Start of PROVIDED ENTRIES

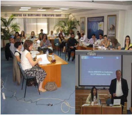
Από το σεμινάριο σε συνεργασία με την Υπηρεσία ΦΠΑ και το Τμήμα Εσωτερικών Προσόδων
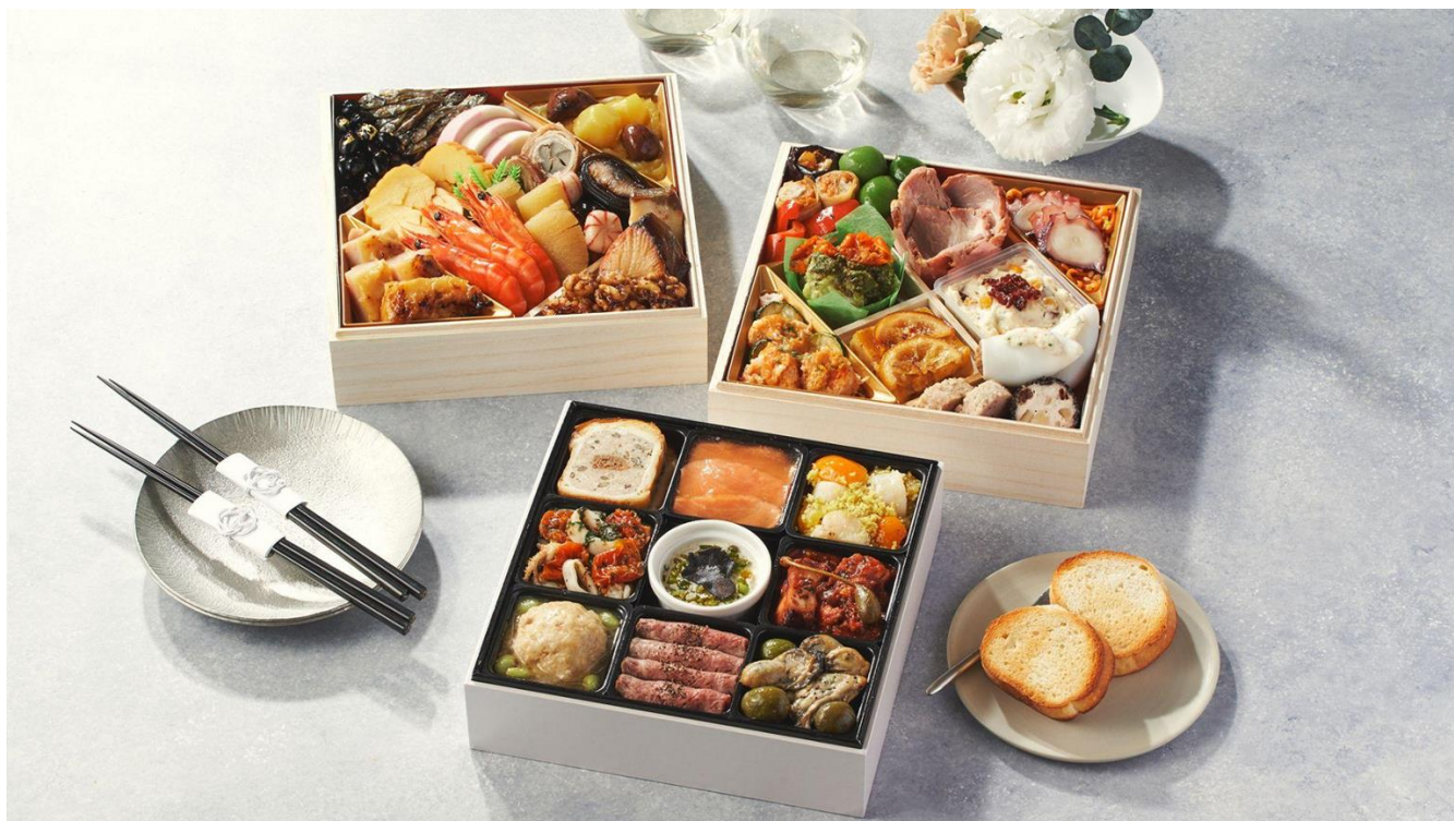
▲【Oisix】高砂×DEAN & DELUCAオードブル
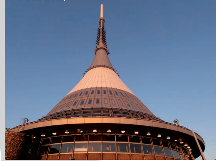
Vysílač a hotel Ještěd © Karel Hubáček – dědicové 1963

Na Ještědském hřebenu je také skiareál, snadno dostupný z města.
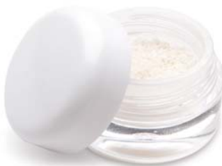
Puros Allograft Spongiosa-Partikel
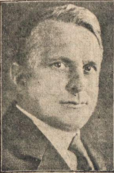
JAMES J. DAVIS, perrinktas U. S. Senatan

Lapkričio 8-tą šios šalies piliečiai rinko daug naujų valdininkų—gubernatorių, senatorių, kongresmenų ir steigų legislatorių. Vienok į šį numerį pilnų davinį dar negalime paduoti, jie bus kitam numery. Pennsylvaniečiai išsirinko steito vyriausybę—gubernatorių, vice gubernatorių, vidaus reikalų sekretorių, U. S. senatorių, 34 kongresmenus, 26 steito senatorius ir 208 atstovų buto narius.
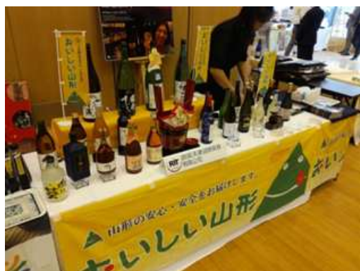
県産酒 PR の様子

また、大使館のブースでは、県産コシヒカリを使用したお米クッキー、お米ムース、だまっこ汁等が提供されました。
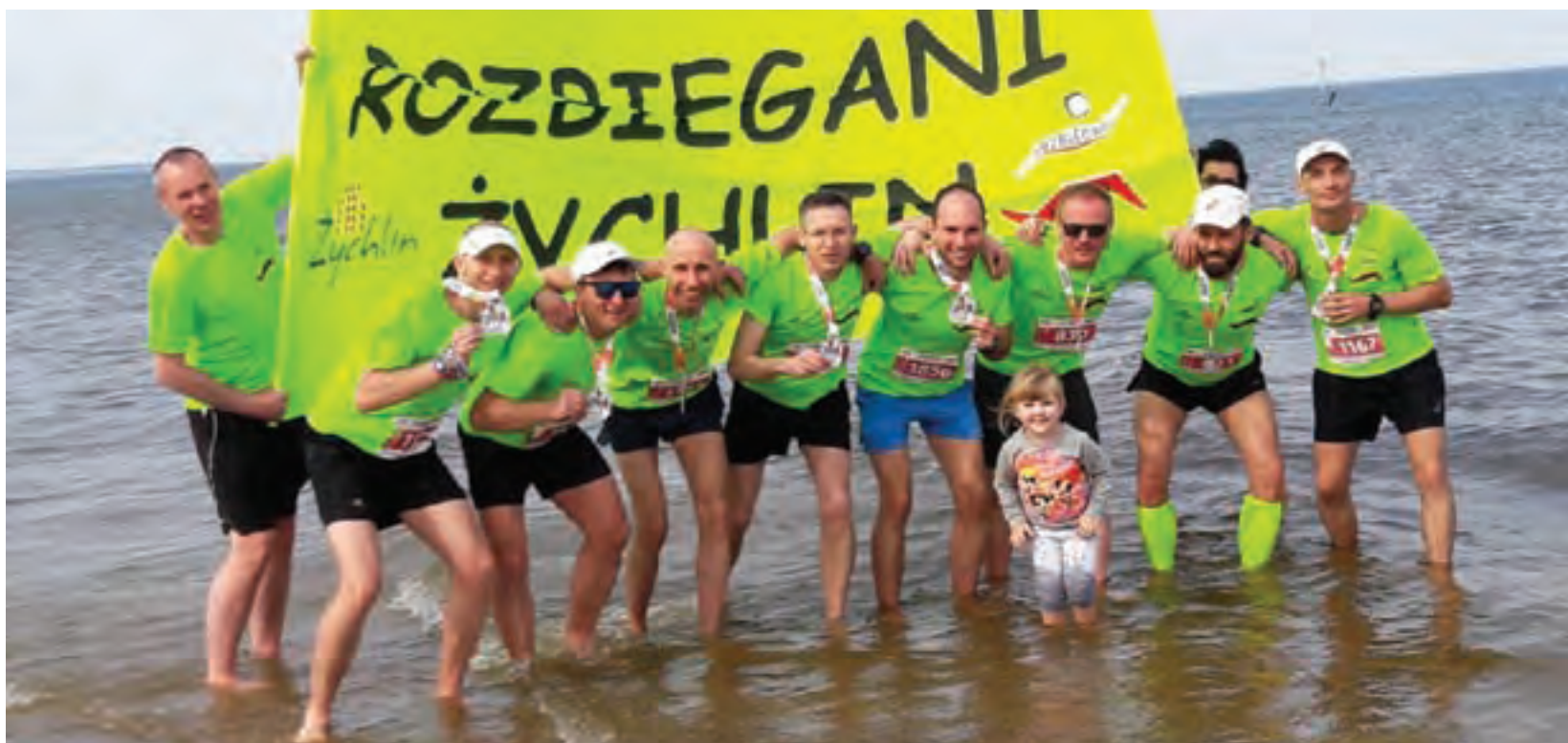
Ekipa Rozbieganych Żychlin po pokonaniu dystansu maratonu w Gdańsku.
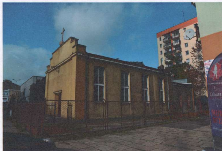
Kaplica z przybudówką, widok ogólny z kierunku pld.-wsch.
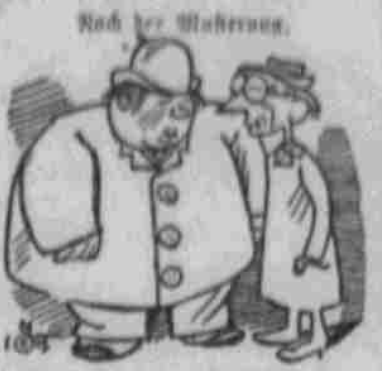
Nach der Witzzeitschrift.
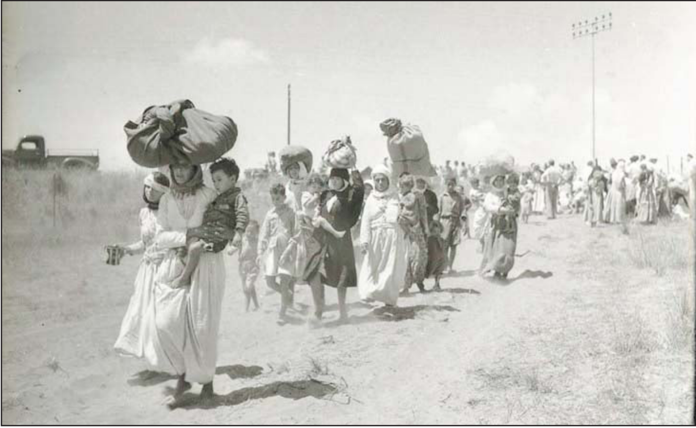
أرشيفية لأهالي قرية الطنظورة

1984 في دمشق التي يعرف كل من راجع أجزاءها الأربعة ضعفيها وسطحيتها، في المقابل يحاول شطانيبيرغ زعزعة الركبتة داخل هذه القرية».
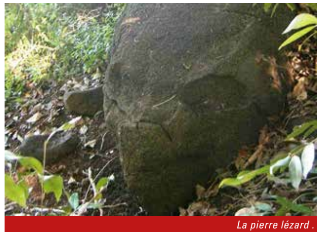
La pierre lézard .

End of PROVIDED ENTRIES

Your reply should hold exactly the lines from the line containing "Kaplica z przybudówką, widok" through the final line of the listing, and none of the pictures.

Kaplica z przybudówką, widok ogólny z kierunku pld.-wsch.
Nach der Witzzeitschrift.
أرشيفية لأهالي قرية الطنظورة

1984 في دمشق التي يعرف كل من راجع أجزاءها الأربعة ضعفيها وسطحيتها، في المقابل يحاول شطانيبيرغ زعزعة الركبتة داخل هذه القرية».
La pierre lézard .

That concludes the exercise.